Pure anecdote : beaucoup plus tard, à la finale d'un concours de piano organisée par la naissante ORTF, Henriette se retrouva confrontée - par le plus grand des hasards, à la future épouse d'un très proche collaborateur d'Edgar. Le préfet M. - appelons-le d'une initiale - eut, en 1968, au cabinet de l'Éducation nationale, la charge, complexe, mais directement assistée par le ministre, des relations avec l'Intérieur. Il suivit ensuite le président aux Affaires sociales, puis à l'Assemblée nationale. Et c'est, encore plus tard, sa jeune femme qui s'efforça de combler les lacunes musicales d'Edgar, plus trop en phase avec les notes quand il entreprit d'écrire des chansons. Dans l'immédiat, au concours de la radio-télé, elle fut devancée par Henriette et, pour beaucoup de raisons, dans l'ordre edgarien des choses, c'était sans doute nettement mieux ainsi...
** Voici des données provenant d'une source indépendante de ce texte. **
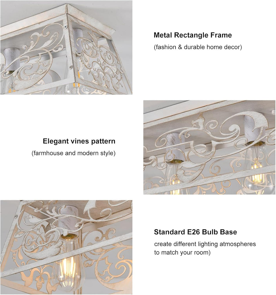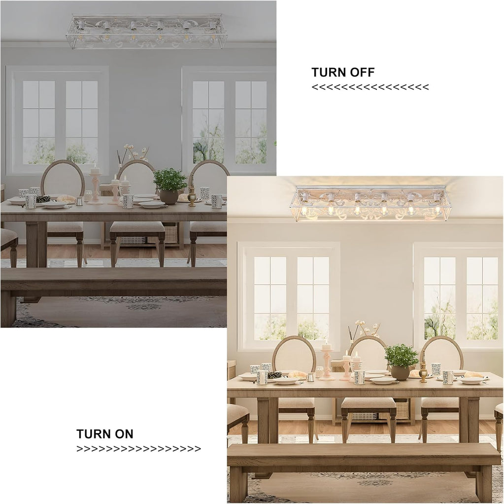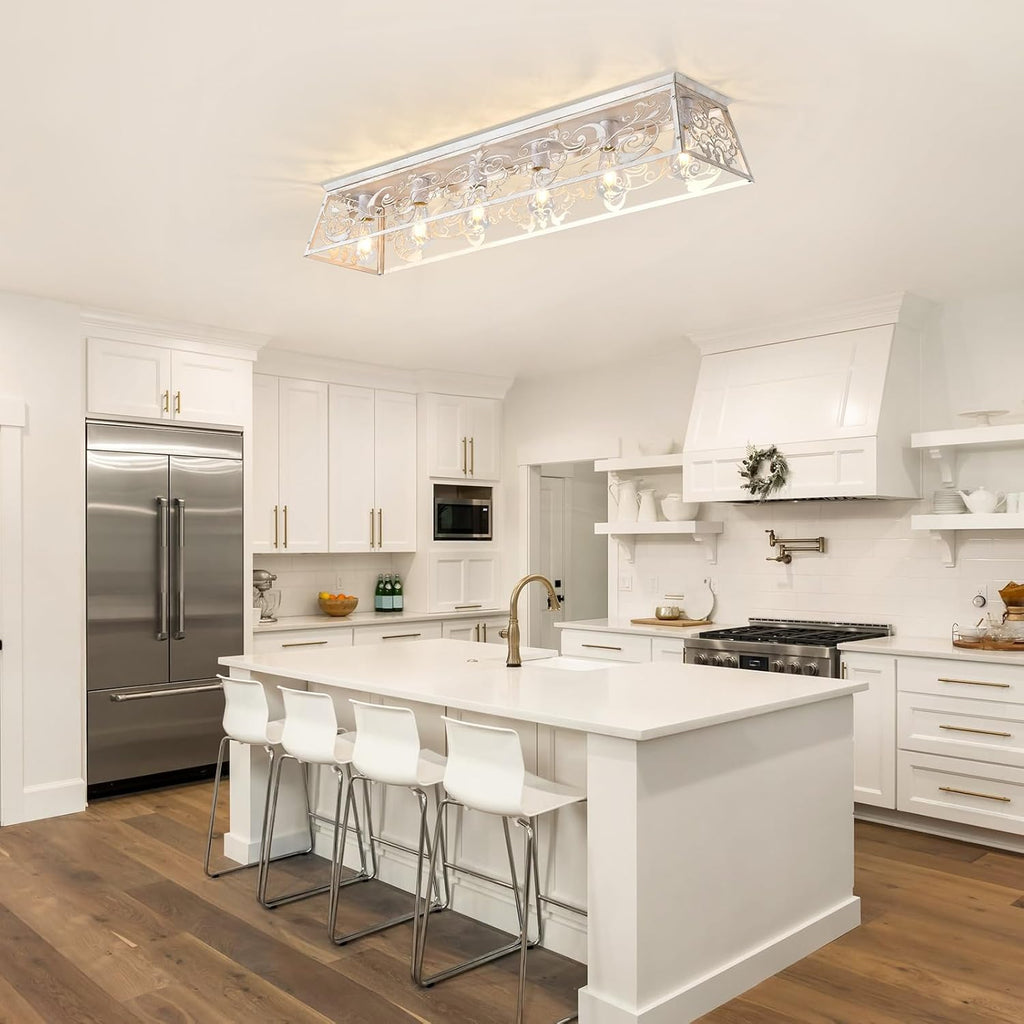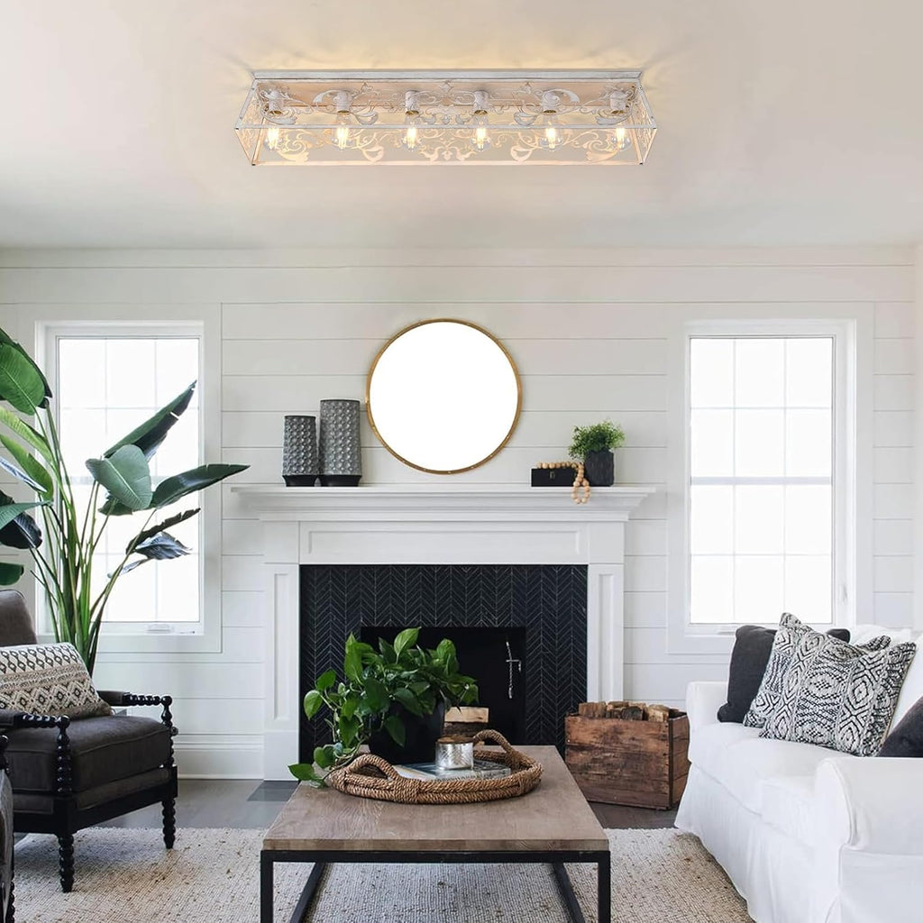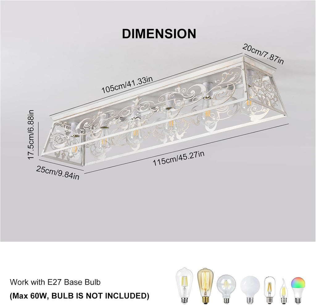 Our Modern Rectangle Ceiling Light is a striking blend of farmhouse, industrial, and contemporary design. Crafted from high-quality iron with a white and gold painted finish, this 6-light chandelier features a unique rectangular frame with elegant lacelike patterns that enhance any space. Measuring 115cm in length, it is perfect for illuminating larger areas such as kitchen islands, dining rooms, or living spaces. Designed with 6 E27 sockets, this fixture is fully compatible with LED, incandescent, and halogen bulbs up to 60W each, and can be dimmed with the right bulbs and switch for tailored ambiance. Durable, stylish, and versatile, this ceiling light is an ideal choice for homes seeking both functionality and modern sophistication.

Détail d'un autre type, fourni, toujours, par le président, mais, cette fois, dans son ouvrage, L'Ame du combat (un mot bien engagé et bien martial pour lui !) : «On ne parlait jamais de politique à la maison», ce qui nous laissera sans doute à jamais dans l'ignorance absolue des choix paternels, lesquels ne devaient pas être d'ultra-gauche.